O mundo visto por Hobsbawm, maior historiador vivo

Grevistas dos Correios fizeram passeata pelo centro de Curitiba | Hedeson Alves/Gazeta do Povo
Grevistas dos Correios fizeram passeata pelo centro de Curitiba (Foto: Hedeson Alves/Gazeta do Povo)

Londres – Quando um dos mais conhecidos historiadores do mundo volta-se para os problemas políticos dos dias de hoje, vale a pena escutar. Eric Hobsbawm celebrou seu 90.° aniversário recentemente com um livro de ensaios intitulado Globalização, Democracia e Terrorismo, no qual o autor faz uma avaliação do mundo desde os atentados de 11 de setembro de 2001, nos EUA, passando adiante lições que ele "não só aprendeu, mas também vivenciou e refletiu durante grande parte do último século".

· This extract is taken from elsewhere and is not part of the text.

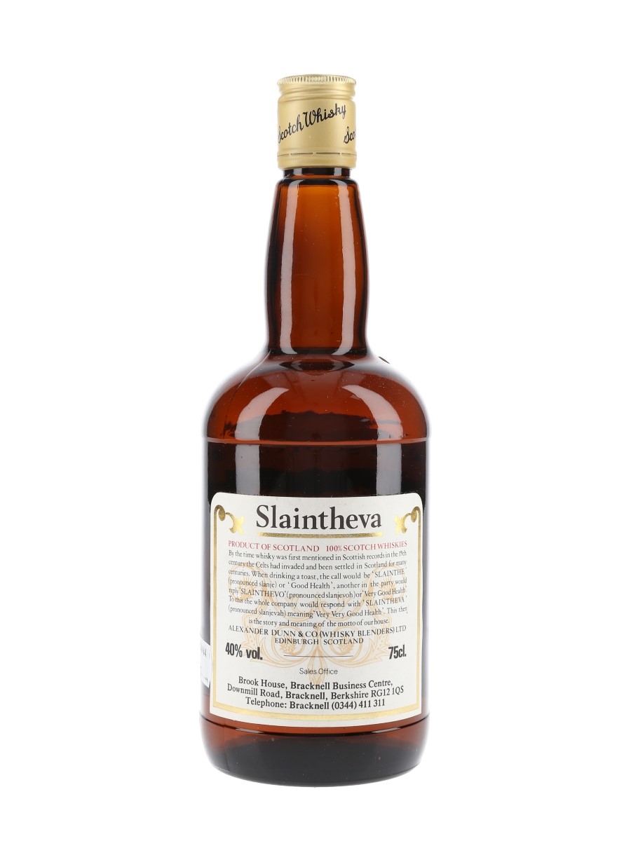 A bottle of Slaintheva 12 Year Old Blended Scotch whisky, bottled by Alexander Dunn & Co. Ltd

Hobsbawm é um intelectual que não tem sido apenas uma presença brilhante em sua profissão histórica desde os anos 40. Como homem que "relembra vividamente" da fria noite de inverno na qual Hitler tomou o poder em Berlim, o historiador sente-se habilitado a olhar o mundo contemporâneo de um "contexto mais amplo e com maior perspectiva". Sua posição nunca esteve tão alta, graças a seus dois livros anteriores: o best-seller do "curto século 20" intitulado A Era dos Extremos (1994), considerado sua obra-prima; e seu livro de memórias, Tempos Interessantes (2002), cujo estilo de escrita ultrapassa os padrões exigentes de um estilista renovado. O escopo e o poder das análises de Hobsbawm são inquestionáveis. Ele fala vários idiomas e viajou por todos os lugares imagináveis. Até mesmo a revista Spectator, abertamente hostil ao comunismo declarado de Hobsbawm, o considera nosso "maior historiador vivo".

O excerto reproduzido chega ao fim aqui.